Ila van der Pouw is een ervaren poppenspeelster, die zich hier met verve van haar taak kwijt. Vooral de technisch ingewikkelde dialogen tussen Sofie en de GVR zijn ijzersterk: razendsnel schakelt Van der Pouw tussen het onbevangen meisje en de wat onbeholpen reus, die elkaar voortdurend onderbreken. In die dialogen lijkt het geen moment stil te vallen. Ze speelt de voorstelling in haar eentje: Sofie, de GVR, een trollenklopper, een dronken butler, de koningin. Cynthia Borst maakte de poppen. Voor Sofie werd dat een kleine en een grote, zodat Van der Pouw respectievelijk GVR en koningin kan spelen.

Dat de voorstelling toch niet echt tot leven komt, komt naast het hoge tempo, ook door de dichtgetimmerde vorm. Het verhaal (in regie van Neville Tranter) wordt hapklaar opgeleverd, en het jonge publiek wordt nergens echt gevraagd zich te verhouden tot wat er op de vloer gebeurt. Waar ligt de focus voor deze makers, behalve het uitbeelden van de plot? Variëteit en volledigheid leidt niet per definitie tot een rijker eindresultaat.

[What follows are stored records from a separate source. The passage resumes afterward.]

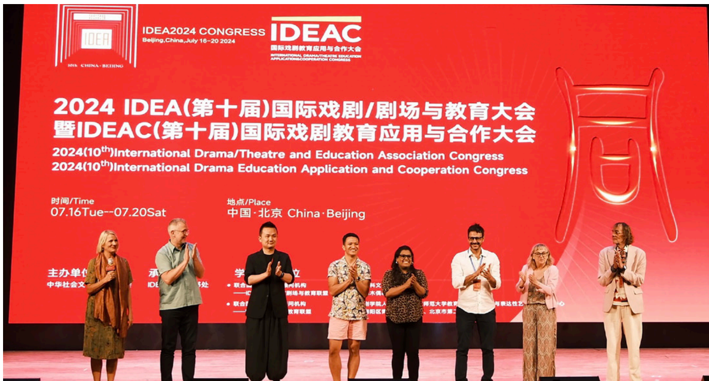
IDEA 2024 Congress.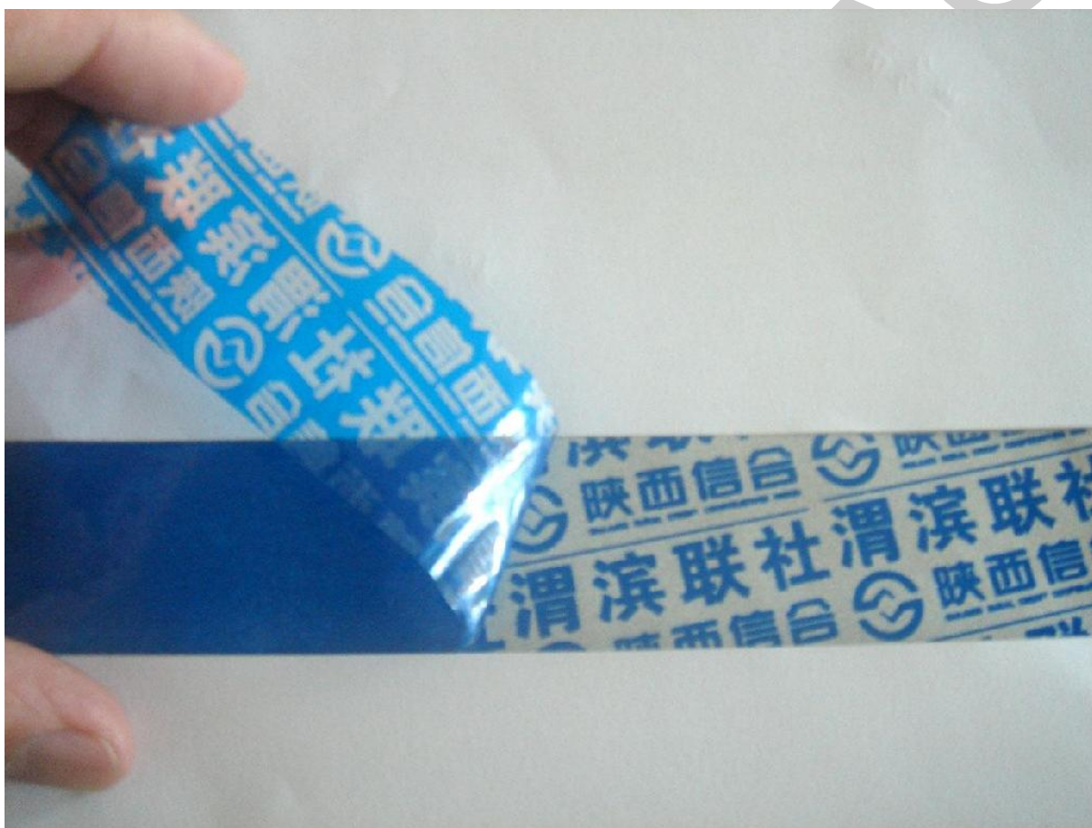
6. ábra. Szétszakadós címke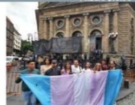
MANIFESTANTES con la bandera trans, ayer, afuera del Congreso de la CDMX.

DONALD TRUMP Candidato republicano a la presidencia de EU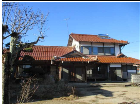
主屋 外観 南側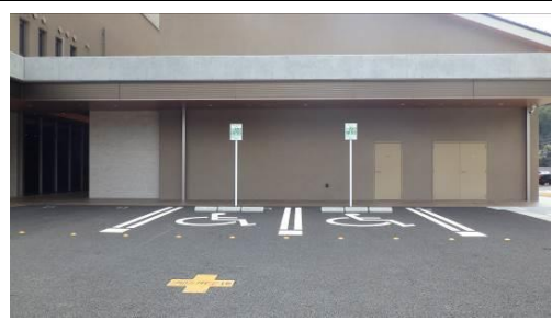
車椅子利用者用駐車区画とは別にゆずりあい駐車場を設置することで利用者を分散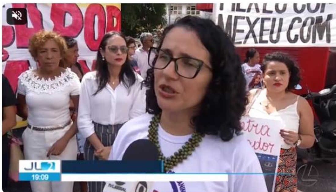
Justiça realiza 1ª audiência de instrução de jovem baleada por PM no Pará

Por g1 Pará e TV Liberal — Belém 06/02/2024 21h12 · Atualizado há 14 horas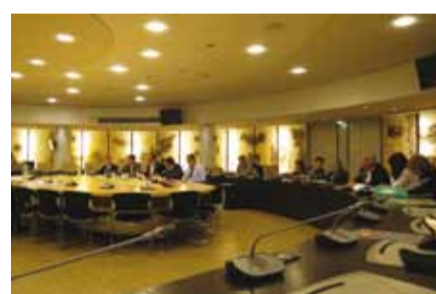
salle des séances au Conseil Général de Seine-Saint-Denis

Le Conseil Général de Seine-Saint-Denis a sollicité le Club des PPP pour une audition dans le cadre de sa mission d'information et d'évaluation sur les PPP, puisque 12 collèges doivent être construits en Contrat de Partenariat et pour un montant de 320 millions d'euros.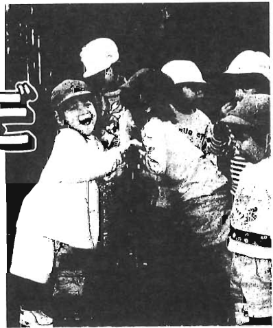
平成10年4月入園可能予定数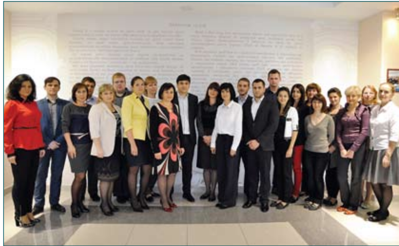
Департамент з питань суддівської кар'єри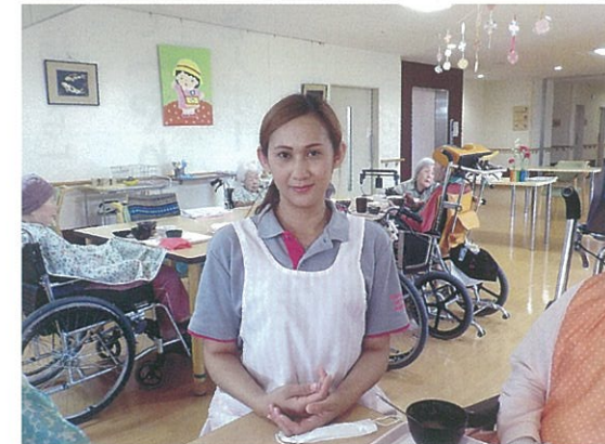
食事介助をしている途中で撮った一枚。姿勢よくポーズを決めてくれました。

を対象に、キャリアアップの為に研修を行って身につけるOJTと、座学を中心としたOFF J-Tを組み合わせることで人材育成に取組んでいるところです。一緒に働く仲間として、外国の方も増えてきました。文化の違いや、言葉のハンデもありますが、皆さんいつも笑顔で頑張っています。漢字表記の上にもローマ字を書くなど、不安なく働いてもらえるように協力しながら、ご利用者に穏やかな生活を提供するという同じ目標を持ってケアに取り組んでいます。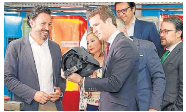
Casado, durante su visita de ayer a Gran Canaria.

sición socialista. El presidente del Partido Popular considera que Sánchez tiene que «conten- tar a sus socios» y por eso «calle ante los escraches a los constitucionales». «Como mucho ponen un tuit», terminó. ●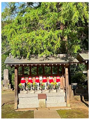
夕日に照らされる六地藏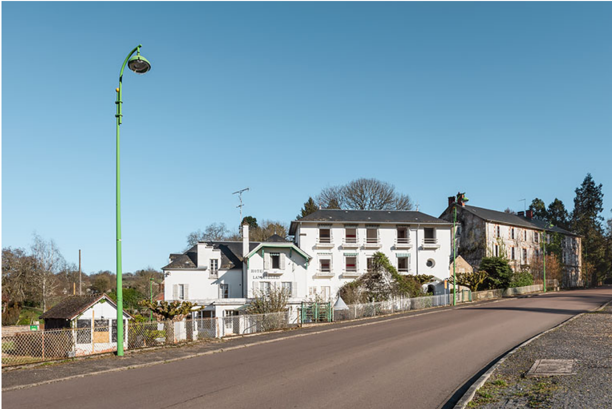
Vue d'ensemble depuis l'avenue Jean Mermoz.

58, Saint-Honoré-les-Bains, 4 avenue Jean Mermoz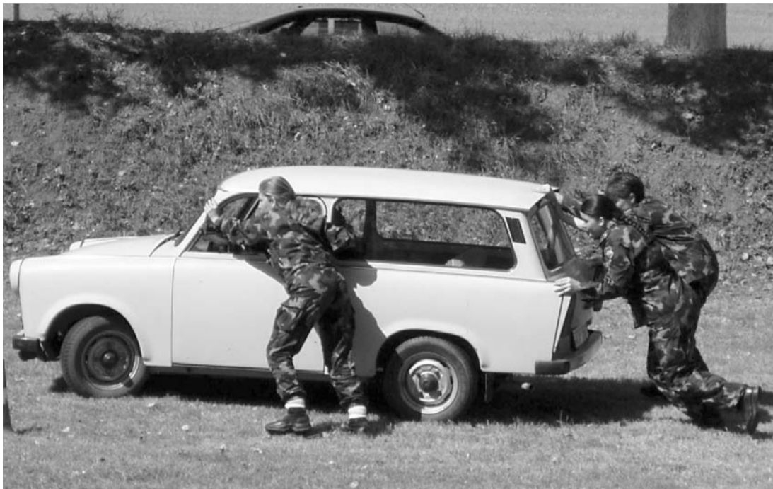
Súťaž v tlačení nesmrteľného auta zn. Trabant...

V dňoch 16. až 20. augusta 2006 sa štyria členovia územnej úradovne IPA Prievidza na základe oficiálneho pozvania už tretíkrát zúčastnili medzinárod-

Ondanks het technisch knappe spel van Van der Pouw, is de voorstelling op zijn sterkst op de paar momenten dat het verhaal niet letterlijk wordt uitgebeeld, maar er een beroep wordt gedaan op de fantasie van het publiek. Bijvoorbeeld tijdens de beeldende (tekstloze) openingssequentie, het moment waarop er wordt gesuggereerd dat er een gevaarlijke reus voor de grot staat (alleen zijn armen zijn zichtbaar) of de momenten dat er achter het scherm een schimmenspel wordt gespeeld. Dan wordt er van het publiek een actieve rol gevraagd.